4 de enero de 2013 / 02:31 p.m.

Los ecos de los cláxones se escuchan desde lejos al topar en las paredes y muros solitarios de las avenidas y calles desoladas y desérticas.

 

Monterrey.- Sólo quedaron los ecos lúgubres de la chaviza que reventaba al Zócalo, aquel ghetto de antros sobre Padre Mier donde chorreaba la potente música y de pasada los litros de levadura que los hinchaba como zombies hasta la madrugada en el Barrio Antiguo, el que quieren reactivar.

El tifón de chavos bien, pulcras barbies creídas, raza light, heavy y rosa, greñudos, paseantes, nacos, emos, nerds y yuppies, el ajetreo teen y de los que ya no lo eran, que inundaba las calles para antrear desde hace años en la Tumba, Iguanas, Infinito, Bar-Río, Club 22, Manaos, Exit, Esquizzo y la Orden… quedó atrás.

Se silenció ese sismo de gritos y escándalo de los sonámbulos que se transformaban en calaveras narcotizadas por la cheve destilada y coñac sobre las calles del Barrio y del Centro y que apenas dejaba pestañear al puñado de vecinos que queda.

Fue reemplazado por otro temblor sepulcral, el de los balazos, los levantones, el cobro de piso que sacudieron sobre una parte del considerado derrumbado y desprotegido barrio histórico y sobre las calles rojas del infartado corazón de Monterrey.

La estela de cientos de surcos e impactos de balas quedaron ahí en las fachadas del Café Iguanas, sobre Diego de Montemayor, similar a aquellas estampas que hacían click los corresponsales de guerra en Mogadiscio, Somalia, o Sarajevo, la extinta Yugoslavia.

La presencia militar no cesa. La procesión de vehículos con la tropa de soldados y de Fuerza Civil a bordo de potentes fortalezas rodantes sigue como hace años, que recuerda a las imágenes que de pequeño uno distinguía por TV en El Salvador o Nicaragua.

Un guardia rapo de tugurio sin máscara ni uniforme que lo identifique ve pasar un manojo de autos que se atreve a rolar frente a las tabernas cerradas y olvidadas, y tapa la cámara de Multimedios para dejar de rastrear la imagen de abandono y olvido antrero.

Recuerda cuando los virtuosos de la maña llegaban al tugurio de pura gente bien a la party musical y de pisto para hacer un levantón de algún billetudo.

Sálvense quien pueda. Se desataba la estampida de los clientes, aunque el poli reconoce que él se incluía en esa tropa miedosa que iniciaba la corretiza.

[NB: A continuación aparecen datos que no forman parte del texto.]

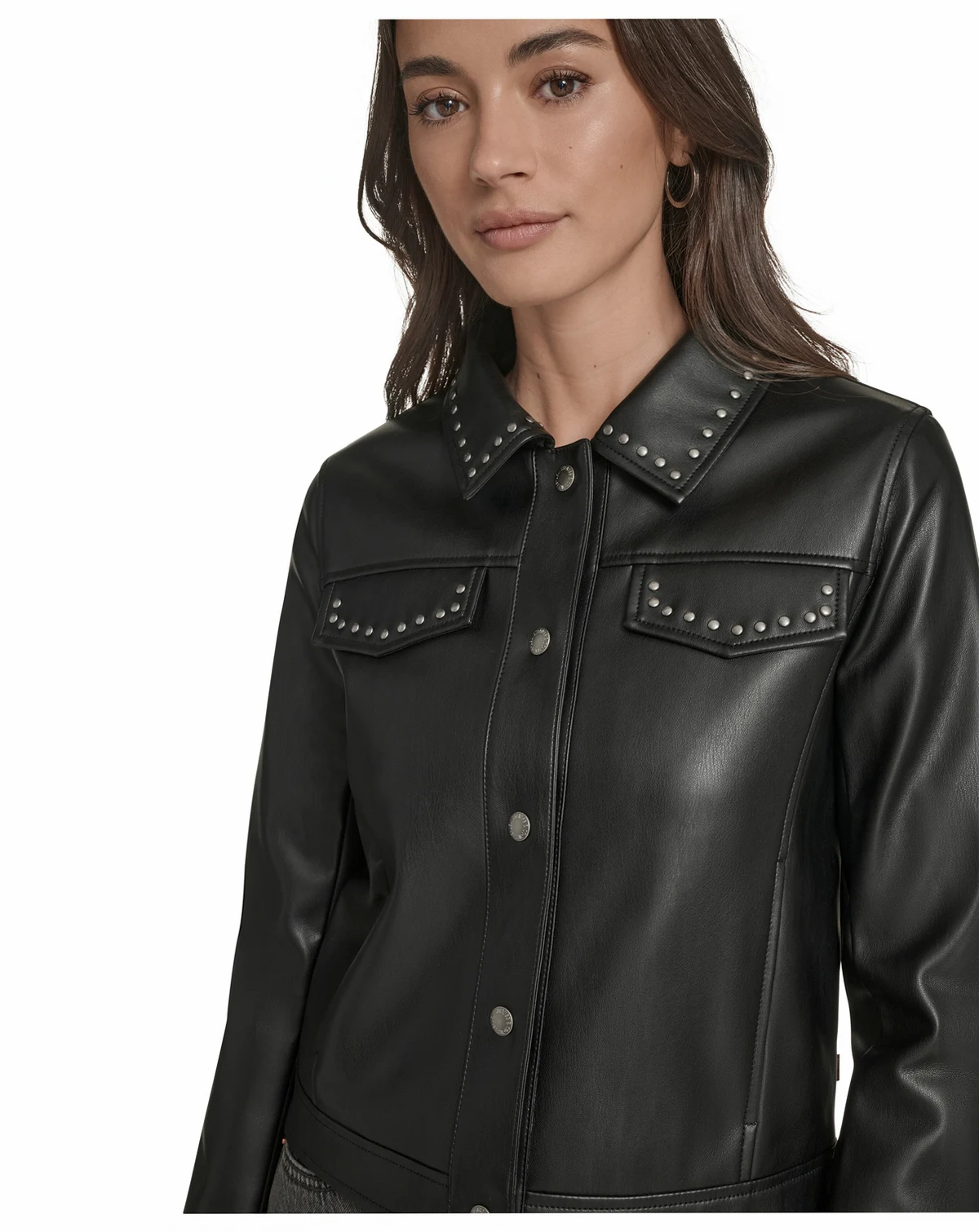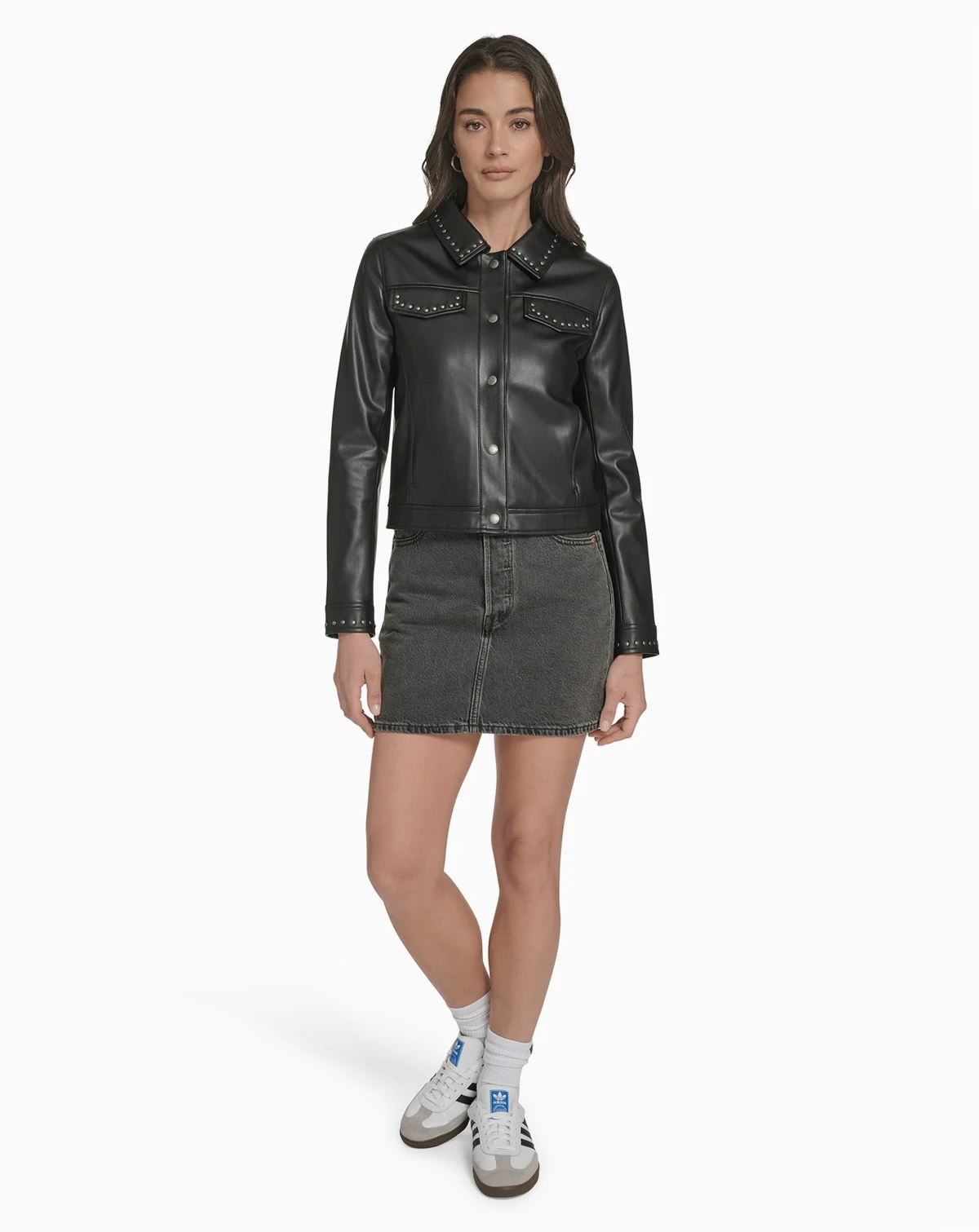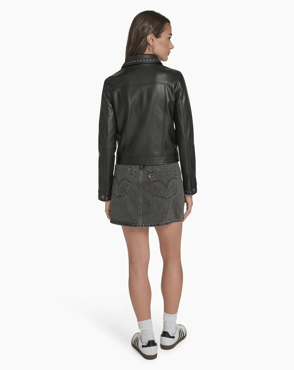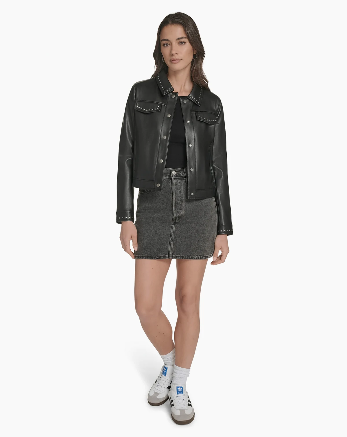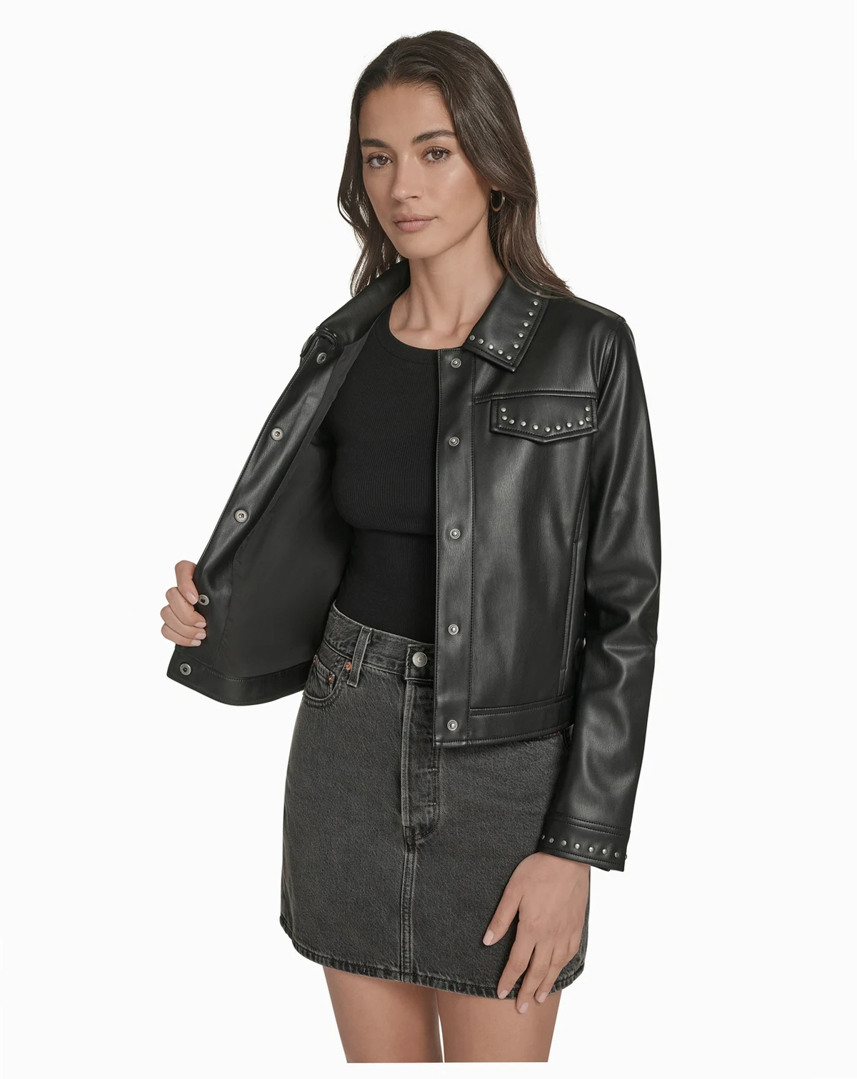 Bold attitude defines this Levi's jacket featuring studded accents along the cuffs, chest pockets, and collar for a distinctive character. A structured laydown collar adds polish, while dual snap chest compartments and lower welt pockets provide secure storage and everyday utility. Designed for confident wear, it delivers a standout presence with functional versatility suited for varied plans.

El fiestón y kinky regio, independientemente de la aparente tregua de ráfagas, se transformó en una cripta donde es poco común ver vehículos pasar por las calles de lo que quedó del downtown de La Sultana del Norte.

Los ecos de los cláxones se escuchan desde lejos al topar en las paredes y muros solitarios de las avenidas y calles desoladas y desérticas.

La escasa afluencia de regios y paseantes, los que aún se atreven a visitarla, apenas es visible, ya que se refugian en los pocos mesones, fondas y hoteles que quedaron, pero que cierran antes de que la oscuridad sombría arribe a las 10 y 11 de la noche.

"Anda uno escamado, nada más ve uno por una rendija por la ventana a ver quién está por ahí, pero aquí está muerto", dice el guardia que vigila un grupo de cinco antros que desde hace tres años fue cerrado por falta de trasnochadores, suplido ahora por una horda de ratas.

El empedrado es ahora acompañado por hoyuelos y pedacerío abandonado desde hace años.

Los estacionamientos que reventaban de autos de riquillos y otros que se hacían pasar por ellos lucen fantasmagóricos; uno que otro carro es aparcado para los que van por las tardes a las offices que quedaron en el Barrio Antiguo.

Bueno, es un decir, el barrio arcaico, añejo, rancio, vetusto o en desuso, pero que ahora Margarita Arellanes, la actual alcaldesa, quiere impulsar… antes de que la anarquía y el desorden de los antreros se les adelante.